Pydantic should not be used as internal data container

minvws / nl-kat-coordination

OpenKAT scans networks, finds vulnerabilities and creates accessible reports. It integrates the most widely used network tools and scanning software into a modular framework, accesses external databases such as shodan, and combines the information from all these sources into clear reports. It also includes lots of cat hair.

https://openkat.nl

European Union Public License 1.2

126 stars 58 forks source link

Pydantic should not be used as internal data container #738

Open dekkers opened 1 year ago

dekkers commented 1 year ago

Pydantic primary purpose is data validation. This is great for things like parsing and validating JSON, but we don't need to do data validation for internal data structures and pydantic will have an unnecessary overhead.

This is a good post that describes different Python data containers and shows the overhead of pydantic:

https://towardsdatascience.com/battle-of-the-data-containers-which-python-typed-structure-is-the-best-6d28fde824e

For mutable internal data containers the best option would be to use dataclasses with slots. Given that the slots are only supported since Python 3.10 we should probably define our own dataclass decorator that will use slots on Python 3.10 and higher and fallback to dataclass without slots on earlier Python versions.

If the data container can be immutable then namedtuple is the best option.

Darwinkel commented 1 year ago

Interesting, that blog post makes a persuasive case for dataclasses. Their syntax (both with and without slots) is pretty clean as well - better than Pydantic or regular classes.
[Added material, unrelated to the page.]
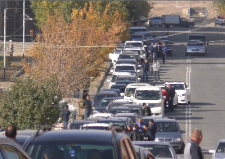 Ճարպիկ գյումրեցիները ավտոմաքսատան մոտ հերթի տեղերը վաճառում են 20 000 դրամով, մեջտեղներում՝ 10 հազարով

It's another reason why we should consider upgrading to a higher version (https://github.com/minvws/nl-kat-coordination/issues/627). Dropping support for <3.10 altogether would save us work, and I think it's becoming more and more interesting to consider providing/requiring a native Python 3.11 environment for Debian and Ubuntu.

Donnype commented 1 year ago

I have experienced the performance hits of pydantic as well. I must say that we were working with a large amount of objects though and we experienced the overhead in writing these to a large json file.

We concluded the same thing at the time: why use Pydantic after initial validation has been performed? So yes I would be all for such a convention.

Having said that, regarding slots I would first want to see that using them actually has significant impact on performance before deciding to implement them everywhere.

praseodym commented 1 year ago

+1 for switching to data classes. For our container images this is another reason to update to Python 3.10+ (#627).

Having said that, regarding slots I would first want to see that using them actually has significant impact on performance before deciding to implement them everywhere.

I’d say that the tests in the linked post make a convincing argument that slots make a big difference, primarily in memory usage.

Donnype commented 1 year ago

@praseodym I see and I must say that my opinion also depends on the impact/complexity of the implementation as well. (Quick wins are always great.) But every time I do optimisations I learn not to assume I know the bottlenecks of my workload or impact of certain changes without profiling.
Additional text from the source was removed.